[EXERCISE DESCRIPTION]
Below are lines of records; copy exactly those from the one containing "ANTONIO PINEDA STERLING" through the one containing "Cajun Salmon With", leaving the pictures behind.

[DATA FOR THIS EXERCISE]
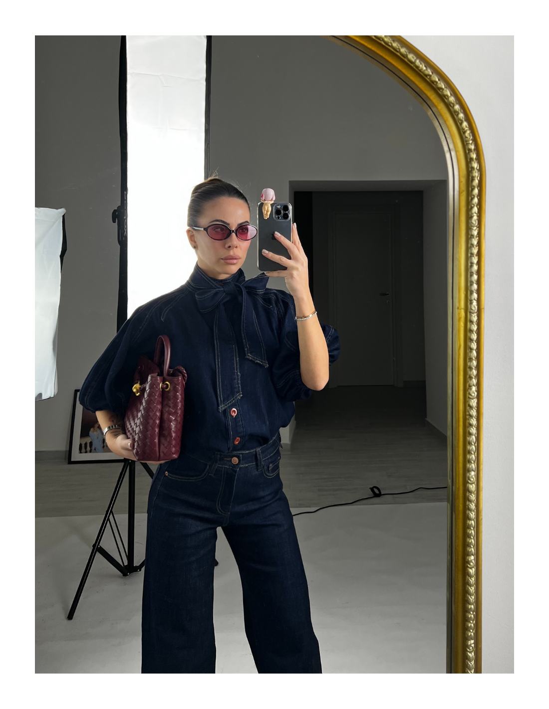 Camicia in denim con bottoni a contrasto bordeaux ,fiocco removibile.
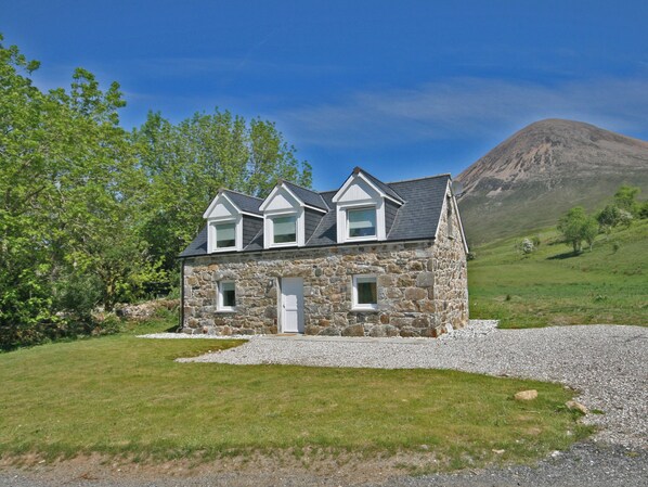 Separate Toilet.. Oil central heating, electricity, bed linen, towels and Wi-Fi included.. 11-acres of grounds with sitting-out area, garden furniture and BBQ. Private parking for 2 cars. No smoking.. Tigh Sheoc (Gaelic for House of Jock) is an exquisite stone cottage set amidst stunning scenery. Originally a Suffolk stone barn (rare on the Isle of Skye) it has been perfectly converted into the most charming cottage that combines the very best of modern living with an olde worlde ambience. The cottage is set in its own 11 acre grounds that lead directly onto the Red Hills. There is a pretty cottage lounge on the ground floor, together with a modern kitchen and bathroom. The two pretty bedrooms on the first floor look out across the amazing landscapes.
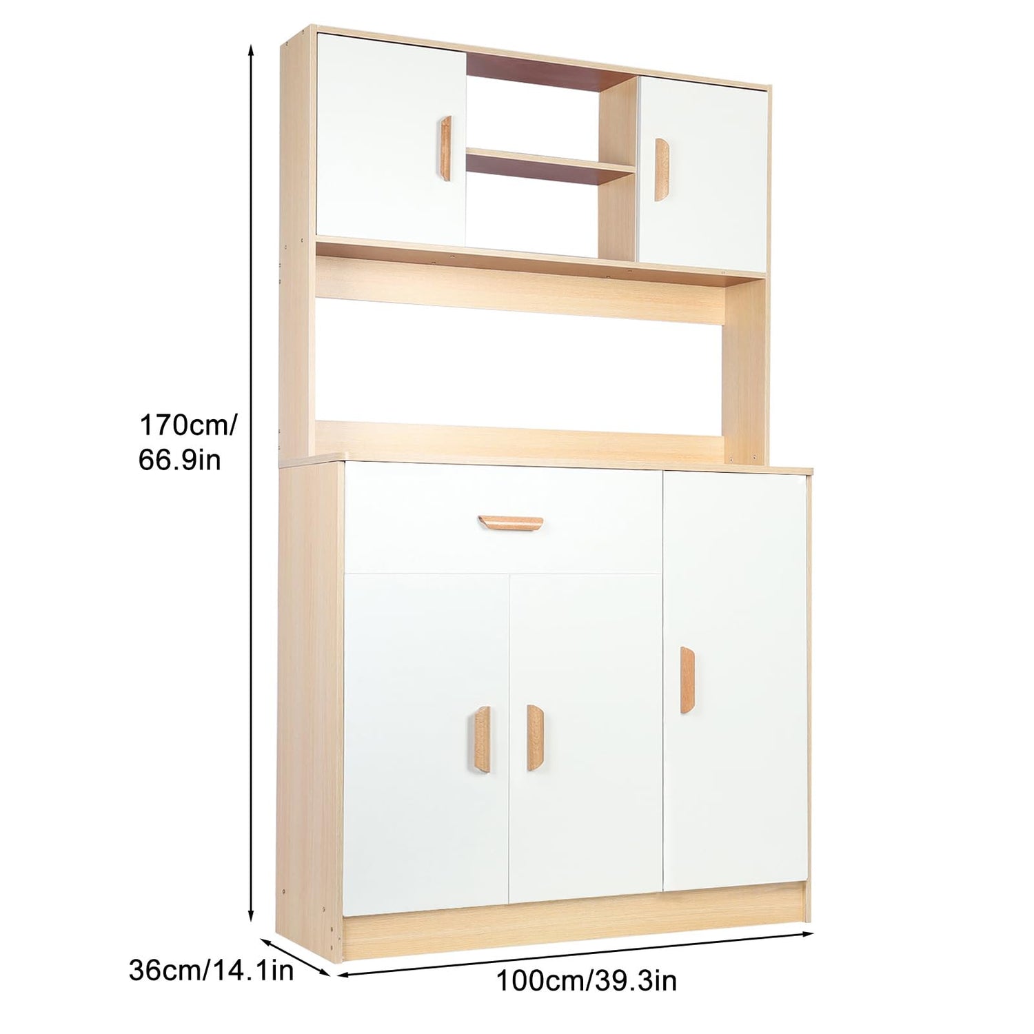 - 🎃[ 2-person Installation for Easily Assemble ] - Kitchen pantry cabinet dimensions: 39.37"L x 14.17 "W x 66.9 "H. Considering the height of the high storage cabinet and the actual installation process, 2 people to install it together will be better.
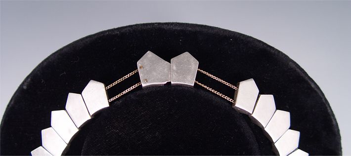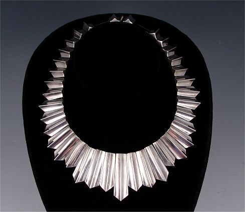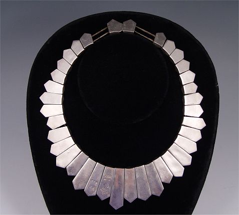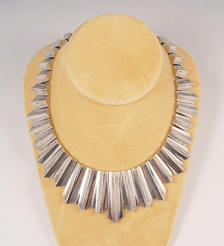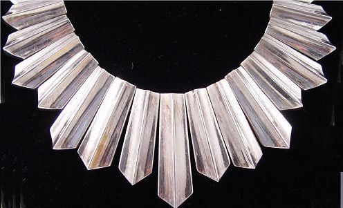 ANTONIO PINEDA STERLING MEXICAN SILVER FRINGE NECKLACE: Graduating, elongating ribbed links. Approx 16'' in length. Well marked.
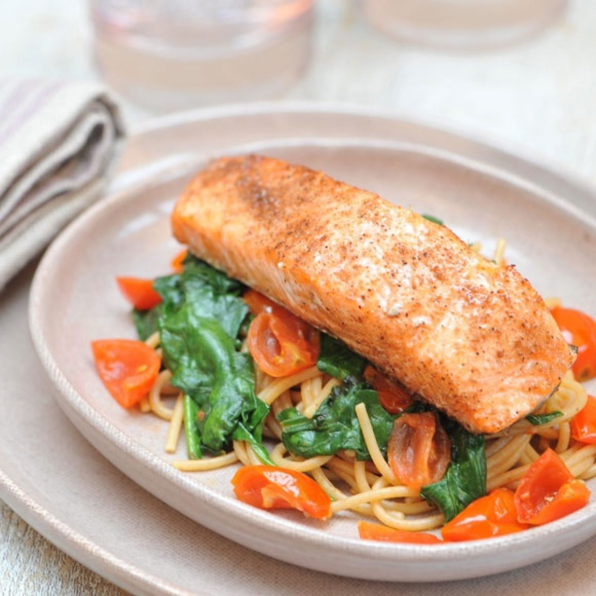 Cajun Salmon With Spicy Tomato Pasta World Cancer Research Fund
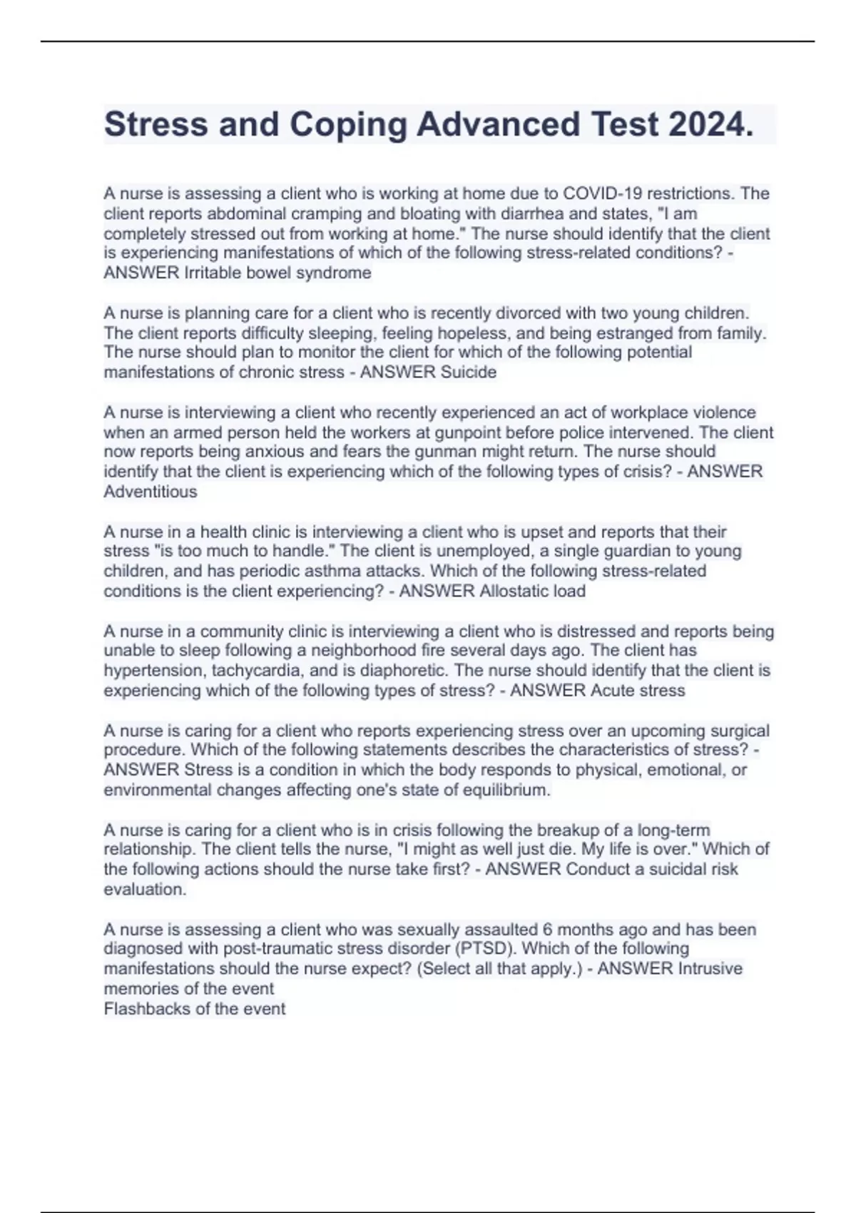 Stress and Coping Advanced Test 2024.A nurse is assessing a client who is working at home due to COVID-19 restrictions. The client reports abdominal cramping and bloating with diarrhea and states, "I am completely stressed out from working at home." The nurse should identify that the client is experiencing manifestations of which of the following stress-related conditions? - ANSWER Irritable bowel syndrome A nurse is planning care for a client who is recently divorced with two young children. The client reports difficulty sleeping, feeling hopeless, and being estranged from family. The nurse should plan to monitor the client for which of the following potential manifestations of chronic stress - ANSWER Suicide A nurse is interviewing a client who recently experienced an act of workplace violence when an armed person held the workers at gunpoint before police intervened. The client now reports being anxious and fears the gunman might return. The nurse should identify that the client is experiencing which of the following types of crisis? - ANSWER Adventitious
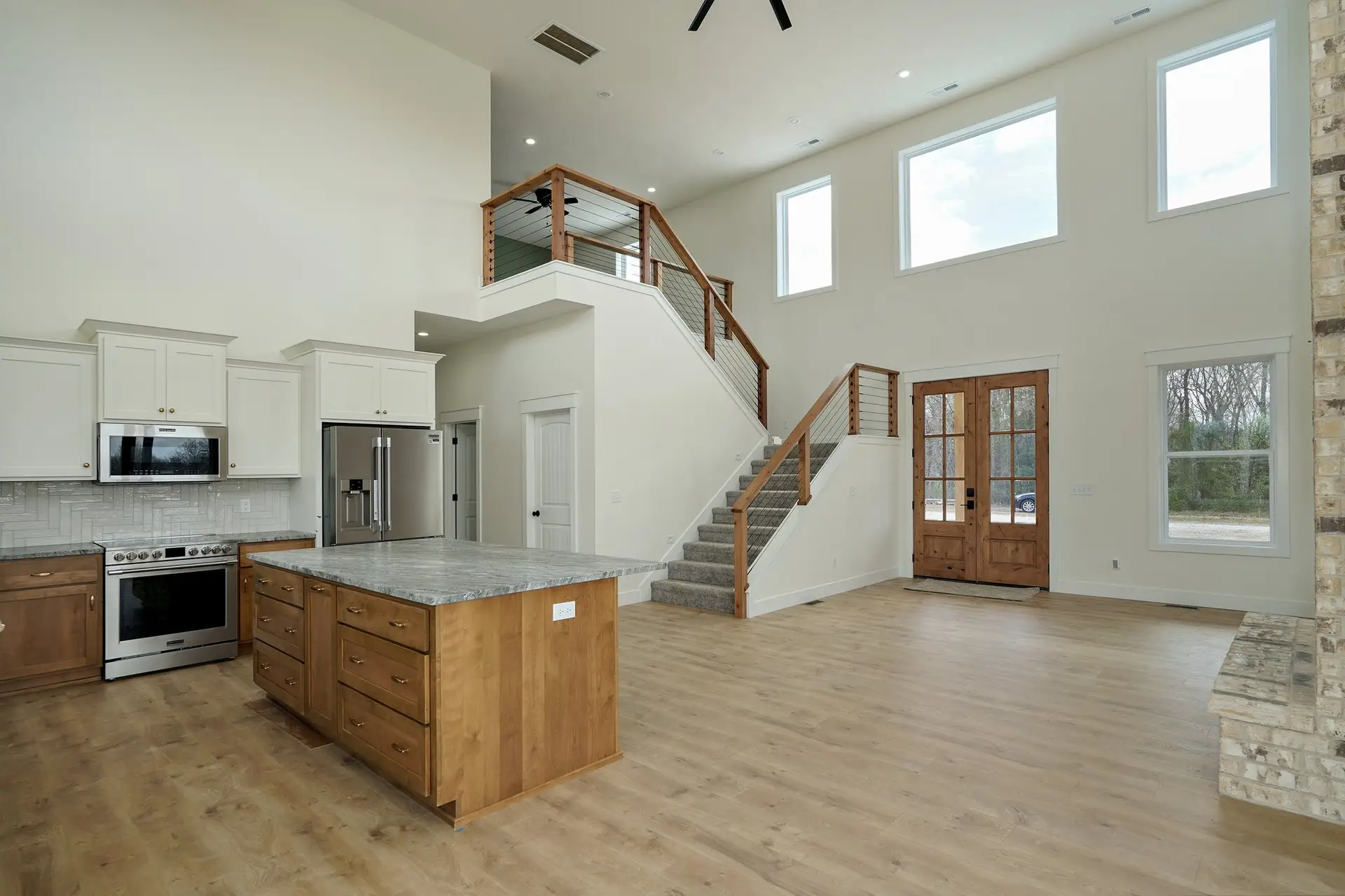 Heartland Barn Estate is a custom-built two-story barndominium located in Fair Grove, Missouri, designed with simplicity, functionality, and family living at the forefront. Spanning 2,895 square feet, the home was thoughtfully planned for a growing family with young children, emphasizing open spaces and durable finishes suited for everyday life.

[EXPECTED OUTPUT]
 ANTONIO PINEDA STERLING MEXICAN SILVER FRINGE NECKLACE: Graduating, elongating ribbed links. Approx 16'' in length. Well marked.
 Cajun Salmon With Spicy Tomato Pasta World Cancer Research Fund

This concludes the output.